From the first line below to the last, reproduce the material exactly and leave out the images.

□ □ □ □

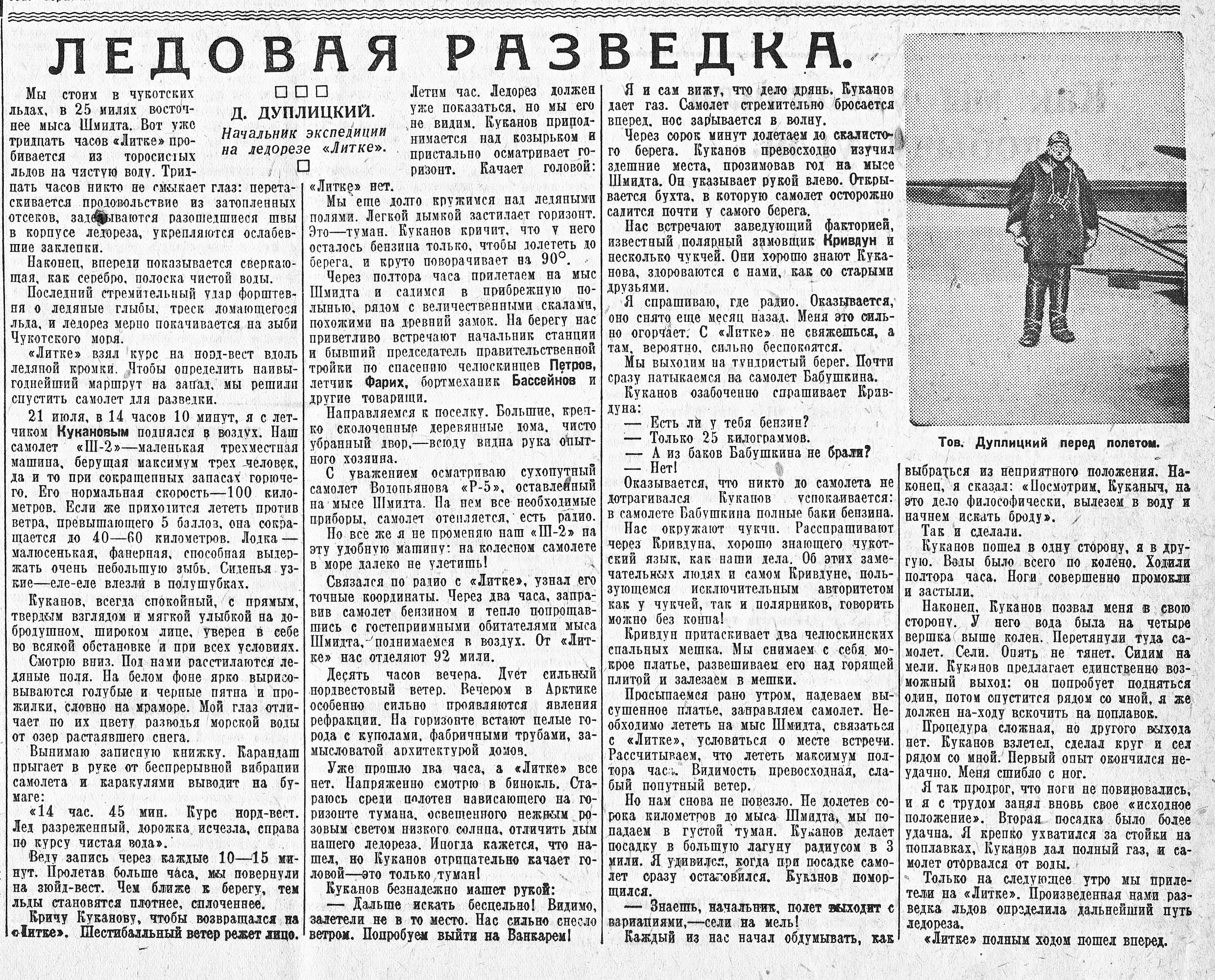 Всегда, в самую решительную минуту похода на опаснейшем участке появлялся начальник экспедиции краснознамёнец Дуплицкий. Партиец, прошедший военную выучку, он и на арктический корабль перенёс красноармейскую дисциплинированность и чёткую организованность. Заместитель Дуплицкого Бронштейн и помполит Щербина являли собой прекрасный образец партийцев-организаторов, заражавших всех своим энтузиазмом и личным примером увлекавших за собой коллектив.
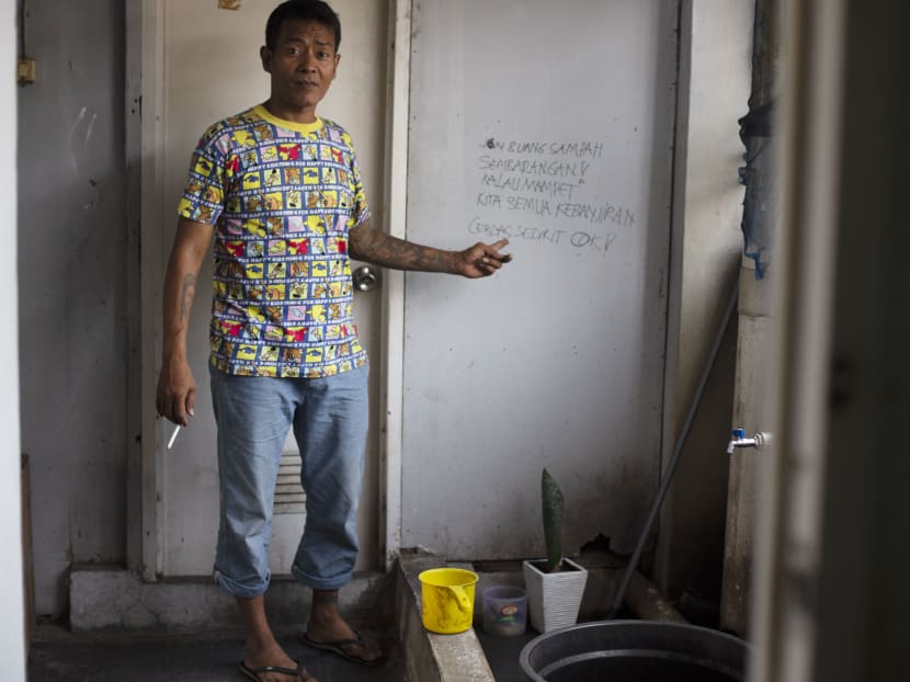 The 48-year-old’s rooftop “cell” heats up like an oven in the day. Sometimes, fights break out with noisy neighbours as the walls are porous. And the common toilet and bath area he shares with the other tenants — including a couple with a young child — is so often choked that he had inscribed a warning in Bahasa Indonesia on the wall that says : “Don’t litter because if it is clogged, we will all be flooded. Be a little smart, okay?”
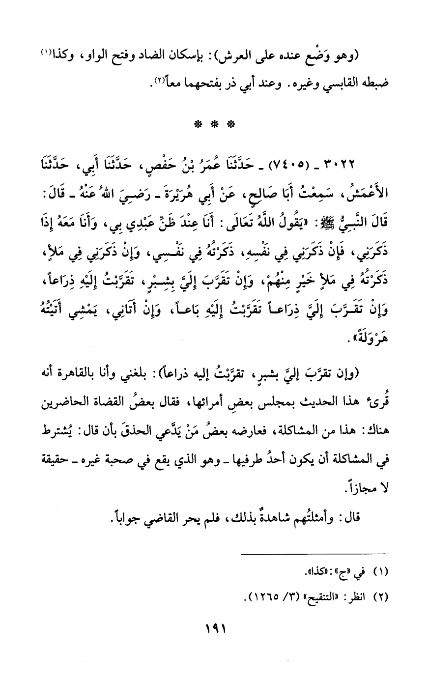 (وإن تقرَّبَ إليَّ بشبرٍ، تقرَّبْتُ إليه ذراعاً): بلغني وأنا بالقاهرة أنه قُريء هذا الحديث بمجلس بعضِ أمرائها، فقال بعضُ القضاة الحاضرين هناك: هذا من المشاكلة، فعارضه بعضُ مَنْ يَدَّعي الحذقَ بأن قال: يُشترط في المشاكلة أن يكون أحدُ طرفيها - وهو الذي يقع في صحبة غيره - حقيقة لا مجازاً.
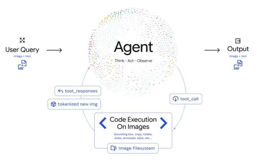 DeepMind的方法核心是将代码执行作为视觉推理工具,把被动视觉理解转化为主动智能体过程。当前SOTA模型通常一次性处理图像,而Agentic Vision构建了循环机制:
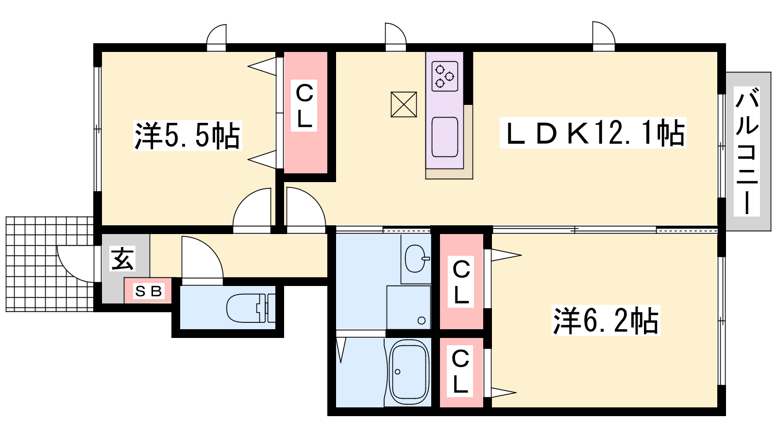 - LDK12.1帖、洋室6.2帖、洋室5.5帖
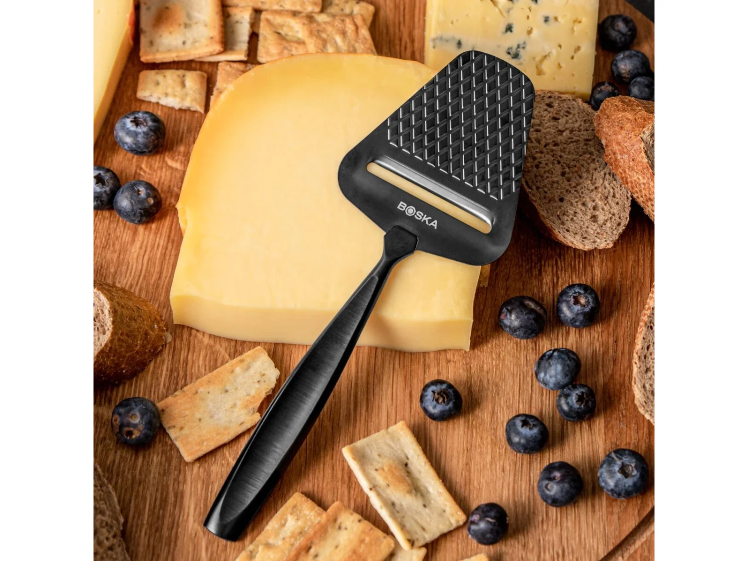 Naast alle tradionele kaasschaven, komt Boska nu ook met de mat zwarte editie. Deze Boska kaasschaaf Monaco is samengevoegd uit meer dan 120 jaar ervaring en heeft een industriΓ«le look. Door het gewafelde oppervlak met non-stick coating schaaf je heel makkelijk smaakvolle plakken, zonder dat de kaas blijft kleven. De schaaf is geschikt voor mooie, dunne plakken half harde en harde kaas. Denk daarbij bijvoorbeeld aan echt Hollandse Gouda. Na gebruik kan de kaasschaaf in de vaatwasser worden gereinigd. De kaasschaaf wordt bovendien geleverd in een mooie geschenkverpakking.
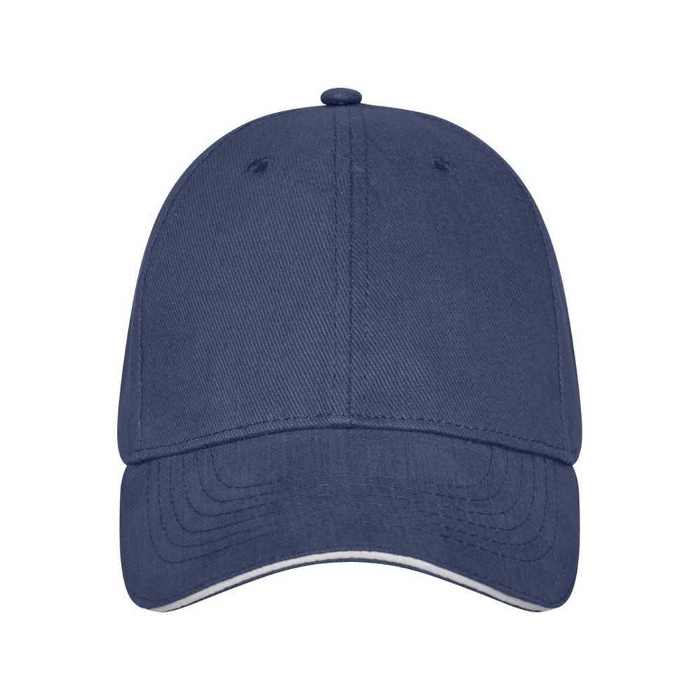 Изогнутый козырек, обшивка с заполнением. Обшитые люверсы для вентиляции. С металлической застежкой. Хлопок-твил "браш" 100% Хлопок, 260 g/m2.
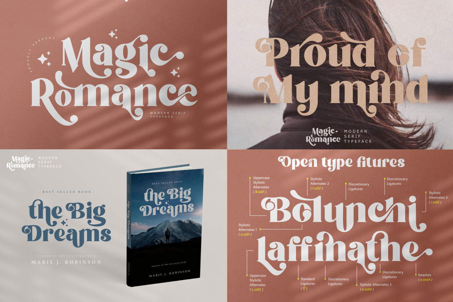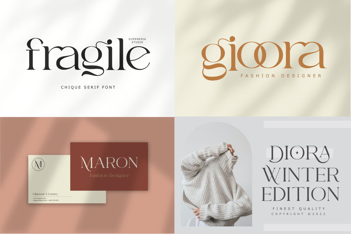 Trendy, elegant, luxury, futuristic & retro style serif & sans display fonts for your fancy projects. Elegant, artistic and unique style on these fonts will be great for any branding project. Lot of alternates and ligatures will help you to create unique and original logo design or website header! Enjoy 🙂

□ □ □ □

> [ANSWER AREA]
 Всегда, в самую решительную минуту похода на опаснейшем участке появлялся начальник экспедиции краснознамёнец Дуплицкий. Партиец, прошедший военную выучку, он и на арктический корабль перенёс красноармейскую дисциплинированность и чёткую организованность. Заместитель Дуплицкого Бронштейн и помполит Щербина являли собой прекрасный образец партийцев-организаторов, заражавших всех своим энтузиазмом и личным примером увлекавших за собой коллектив.
 The 48-year-old’s rooftop “cell” heats up like an oven in the day. Sometimes, fights break out with noisy neighbours as the walls are porous. And the common toilet and bath area he shares with the other tenants — including a couple with a young child — is so often choked that he had inscribed a warning in Bahasa Indonesia on the wall that says : “Don’t litter because if it is clogged, we will all be flooded. Be a little smart, okay?”
 (وإن تقرَّبَ إليَّ بشبرٍ، تقرَّبْتُ إليه ذراعاً): بلغني وأنا بالقاهرة أنه قُريء هذا الحديث بمجلس بعضِ أمرائها، فقال بعضُ القضاة الحاضرين هناك: هذا من المشاكلة، فعارضه بعضُ مَنْ يَدَّعي الحذقَ بأن قال: يُشترط في المشاكلة أن يكون أحدُ طرفيها - وهو الذي يقع في صحبة غيره - حقيقة لا مجازاً.
 DeepMind的方法核心是将代码执行作为视觉推理工具,把被动视觉理解转化为主动智能体过程。当前SOTA模型通常一次性处理图像,而Agentic Vision构建了循环机制:
 - LDK12.1帖、洋室6.2帖、洋室5.5帖
 Naast alle tradionele kaasschaven, komt Boska nu ook met de mat zwarte editie. Deze Boska kaasschaaf Monaco is samengevoegd uit meer dan 120 jaar ervaring en heeft een industriΓ«le look. Door het gewafelde oppervlak met non-stick coating schaaf je heel makkelijk smaakvolle plakken, zonder dat de kaas blijft kleven. De schaaf is geschikt voor mooie, dunne plakken half harde en harde kaas. Denk daarbij bijvoorbeeld aan echt Hollandse Gouda. Na gebruik kan de kaasschaaf in de vaatwasser worden gereinigd. De kaasschaaf wordt bovendien geleverd in een mooie geschenkverpakking.
 Изогнутый козырек, обшивка с заполнением. Обшитые люверсы для вентиляции. С металлической застежкой. Хлопок-твил "браш" 100% Хлопок, 260 g/m2.
 Trendy, elegant, luxury, futuristic & retro style serif & sans display fonts for your fancy projects. Elegant, artistic and unique style on these fonts will be great for any branding project. Lot of alternates and ligatures will help you to create unique and original logo design or website header! Enjoy 🙂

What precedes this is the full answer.